◆ **Material for this exercise**:
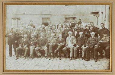 le montrant au milieu d’un groupe de ses collaborateurs, assis dans une cour devant un bâtiment.
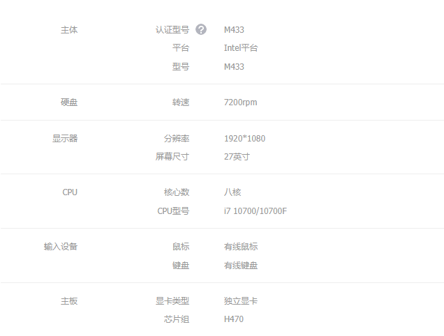 聯(lián)想啟天M433-N000 i7-10700處理器/16G內(nèi)存/1T+256硬盤/RX550顯卡/22顯示器
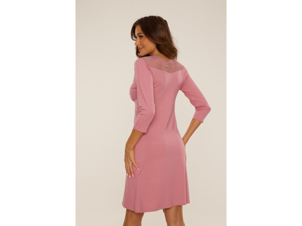 Dámská košile se 7/8 rukávy z jemné viskózy s elastanovými kosticemi. Výstřih a záda jsou zdobeny jemnou krajkou, pod prsy gumičkou. Délka košile je pod kolena.Složení: 94% viskóza, 6% elastan
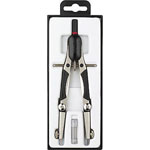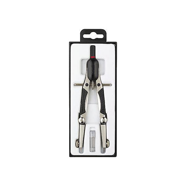 The Rotring S0676570 compact geometry compass has a precision radius adjustment via its central wheel. Ergonomic grip zones and handhold depressions ensure a solid grip when drawing.
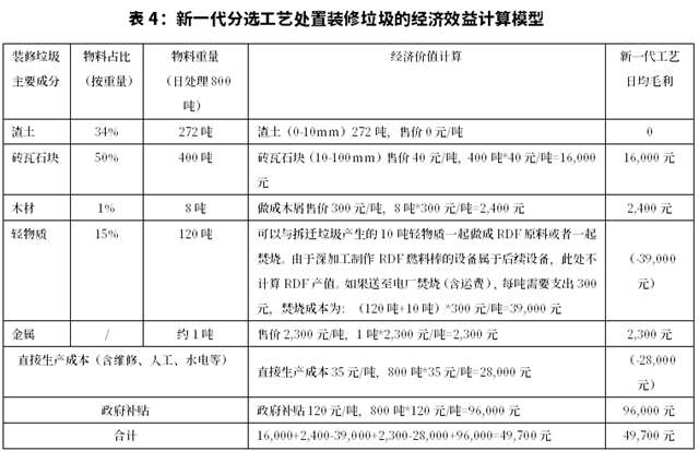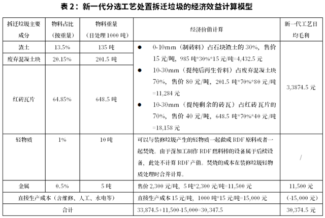 1.2采用新一代分選工藝處置1000噸拆遷垃圾所產(chǎn)生的日均經(jīng)濟(jì)效益
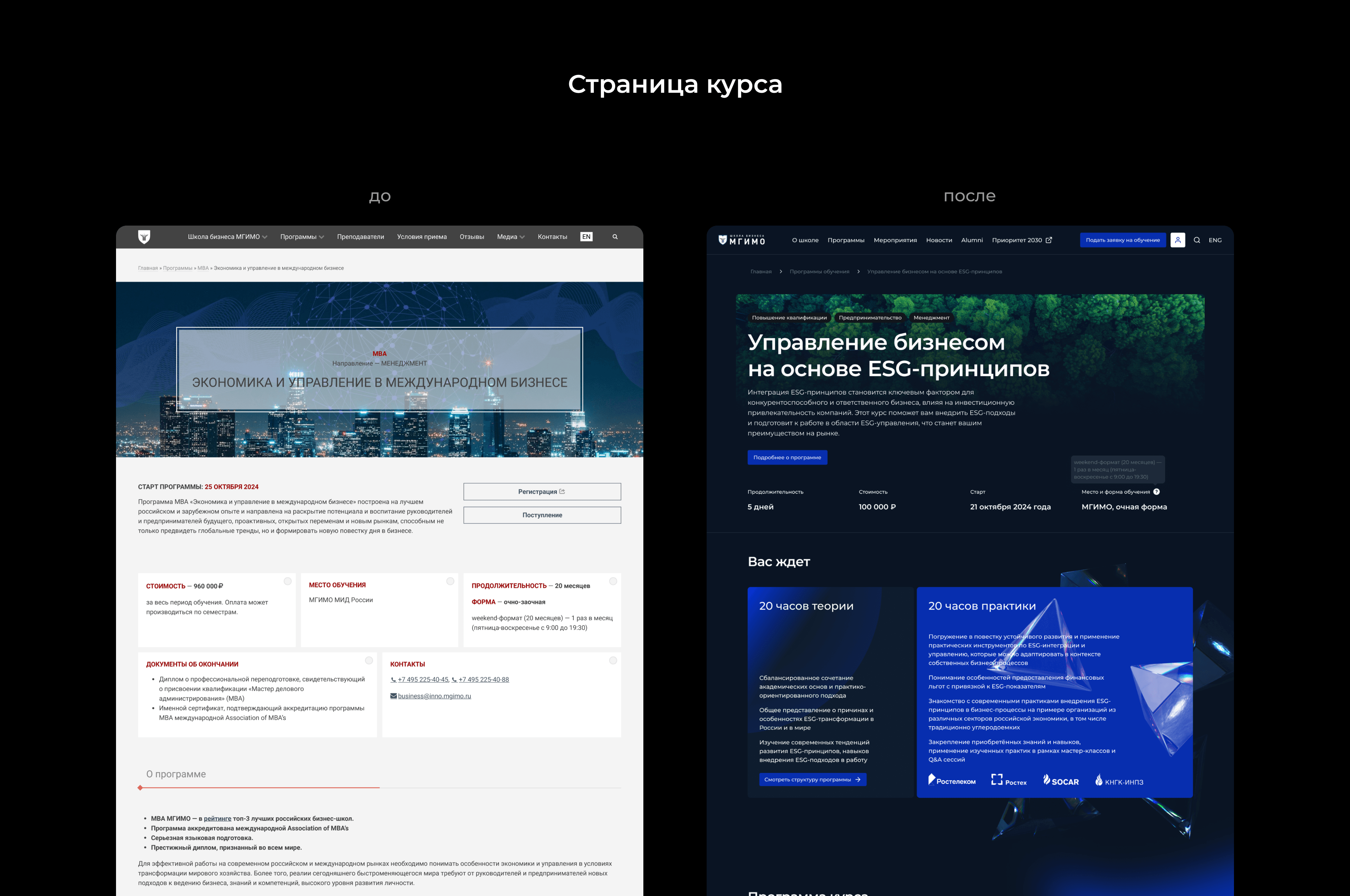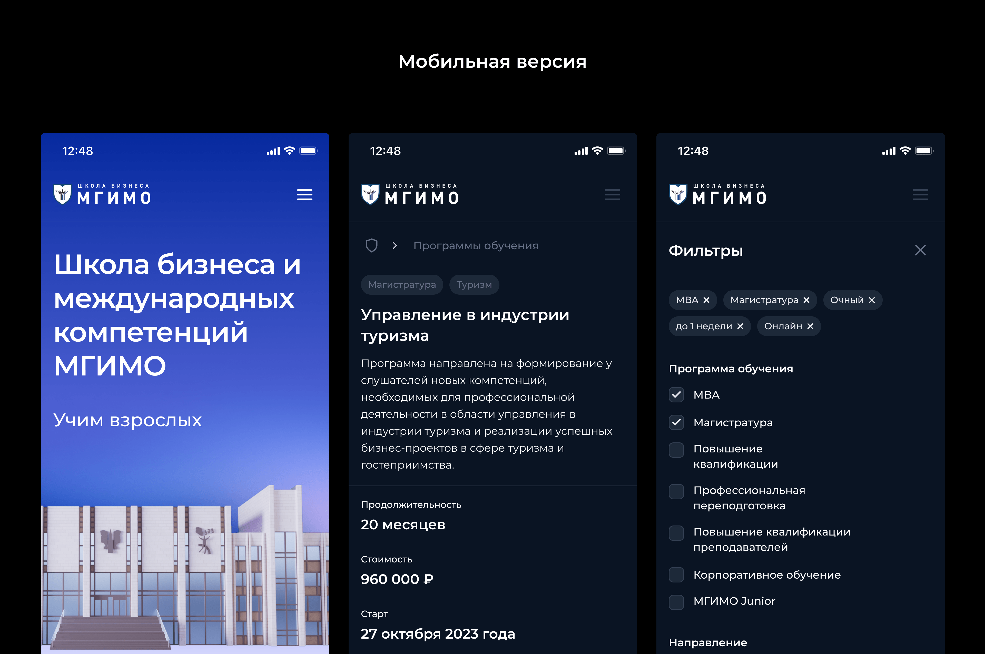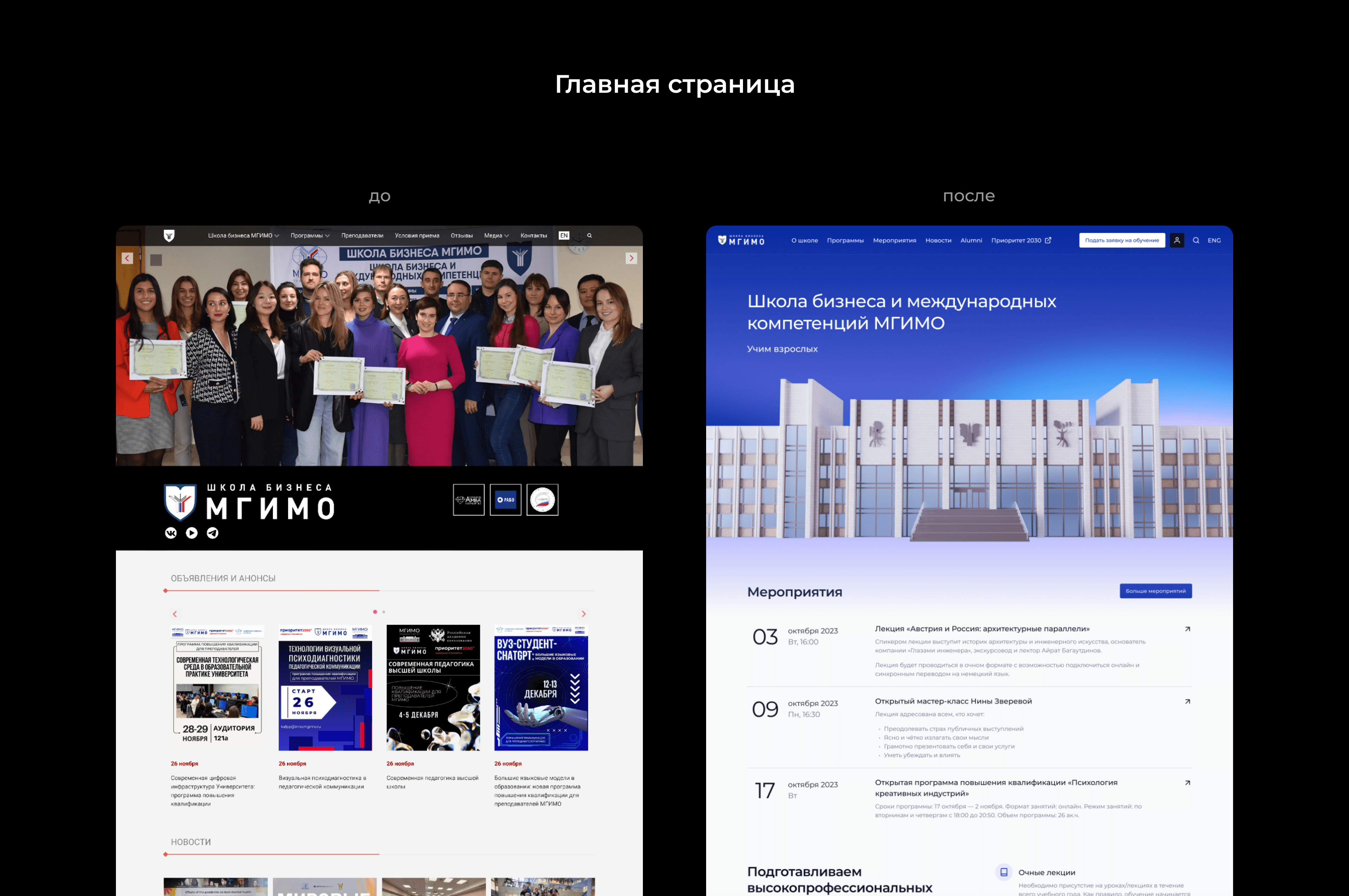 Визуальный стиль сайта обновляется с учетом последних трендов и ожиданий пользователей. Это не просто обновление, а создание новой визитной карточки Школы бизнеса МГИМО в цифровом мире.

◆ **Problem statement**:
With the pictures omitted, copy exactly the lines of the listing above starting at the line containing "Dámská košile se" and ending at the line containing "1.2采用新一代分選工藝處置", both included.

◆ **Solution below**:
 Dámská košile se 7/8 rukávy z jemné viskózy s elastanovými kosticemi. Výstřih a záda jsou zdobeny jemnou krajkou, pod prsy gumičkou. Délka košile je pod kolena.Složení: 94% viskóza, 6% elastan
 The Rotring S0676570 compact geometry compass has a precision radius adjustment via its central wheel. Ergonomic grip zones and handhold depressions ensure a solid grip when drawing.
 1.2采用新一代分選工藝處置1000噸拆遷垃圾所產(chǎn)生的日均經(jīng)濟(jì)效益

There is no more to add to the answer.